(REQUIREMENT): Two lines in the listing below mark the span: one contains "5、除圆形外,若需正方形、长方形或其他图形,可在素材中通过搜索关键词自行查找。" and one contains "Corporate male business". Reproduce both of them and everything between, exactly.

(LISTED ENTRIES):
Content starts

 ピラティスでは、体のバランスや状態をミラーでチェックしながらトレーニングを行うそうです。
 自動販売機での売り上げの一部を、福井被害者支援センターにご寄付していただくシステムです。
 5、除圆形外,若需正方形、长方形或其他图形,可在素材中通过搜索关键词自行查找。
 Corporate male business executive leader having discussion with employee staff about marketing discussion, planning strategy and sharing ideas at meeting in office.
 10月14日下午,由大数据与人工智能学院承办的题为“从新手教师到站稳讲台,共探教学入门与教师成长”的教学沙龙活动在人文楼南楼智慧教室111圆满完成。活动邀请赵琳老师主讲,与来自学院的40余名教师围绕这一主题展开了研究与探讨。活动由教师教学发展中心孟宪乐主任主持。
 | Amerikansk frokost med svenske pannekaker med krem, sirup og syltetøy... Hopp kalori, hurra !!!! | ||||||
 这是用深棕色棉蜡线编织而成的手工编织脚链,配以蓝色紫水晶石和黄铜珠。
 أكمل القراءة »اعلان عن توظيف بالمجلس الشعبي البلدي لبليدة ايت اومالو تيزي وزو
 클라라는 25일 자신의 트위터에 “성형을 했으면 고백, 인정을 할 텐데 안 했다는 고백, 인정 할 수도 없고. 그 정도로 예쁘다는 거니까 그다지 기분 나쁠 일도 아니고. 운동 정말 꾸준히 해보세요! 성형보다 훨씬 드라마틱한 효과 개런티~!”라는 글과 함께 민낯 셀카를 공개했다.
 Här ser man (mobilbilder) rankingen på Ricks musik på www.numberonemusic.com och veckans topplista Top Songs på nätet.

Content ends
Content starts

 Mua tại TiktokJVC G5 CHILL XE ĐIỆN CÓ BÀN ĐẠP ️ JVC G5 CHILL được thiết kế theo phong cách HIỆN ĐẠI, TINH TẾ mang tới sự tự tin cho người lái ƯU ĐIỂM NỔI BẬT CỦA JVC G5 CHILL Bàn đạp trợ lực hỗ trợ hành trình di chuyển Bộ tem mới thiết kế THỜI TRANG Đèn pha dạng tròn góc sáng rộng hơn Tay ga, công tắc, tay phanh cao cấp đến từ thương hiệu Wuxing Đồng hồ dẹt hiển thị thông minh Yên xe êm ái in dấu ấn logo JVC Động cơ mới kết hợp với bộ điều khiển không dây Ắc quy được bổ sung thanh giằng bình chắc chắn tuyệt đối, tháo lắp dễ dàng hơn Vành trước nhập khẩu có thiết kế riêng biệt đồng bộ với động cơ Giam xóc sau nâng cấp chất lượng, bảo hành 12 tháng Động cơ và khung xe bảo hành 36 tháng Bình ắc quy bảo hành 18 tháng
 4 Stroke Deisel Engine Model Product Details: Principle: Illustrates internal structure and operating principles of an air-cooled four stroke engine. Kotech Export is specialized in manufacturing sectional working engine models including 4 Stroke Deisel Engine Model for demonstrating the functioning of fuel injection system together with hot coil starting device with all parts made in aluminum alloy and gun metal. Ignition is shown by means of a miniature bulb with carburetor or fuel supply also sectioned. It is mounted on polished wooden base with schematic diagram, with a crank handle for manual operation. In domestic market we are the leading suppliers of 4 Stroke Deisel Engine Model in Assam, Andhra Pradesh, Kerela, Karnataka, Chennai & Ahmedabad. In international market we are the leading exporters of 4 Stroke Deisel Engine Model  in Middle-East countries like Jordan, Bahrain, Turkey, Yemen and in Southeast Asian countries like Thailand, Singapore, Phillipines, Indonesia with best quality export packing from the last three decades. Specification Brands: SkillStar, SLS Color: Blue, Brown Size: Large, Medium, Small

Content ends

(YOUR RESPONSE):
 5、除圆形外,若需正方形、长方形或其他图形,可在素材中通过搜索关键词自行查找。
 Corporate male business executive leader having discussion with employee staff about marketing discussion, planning strategy and sharing ideas at meeting in office.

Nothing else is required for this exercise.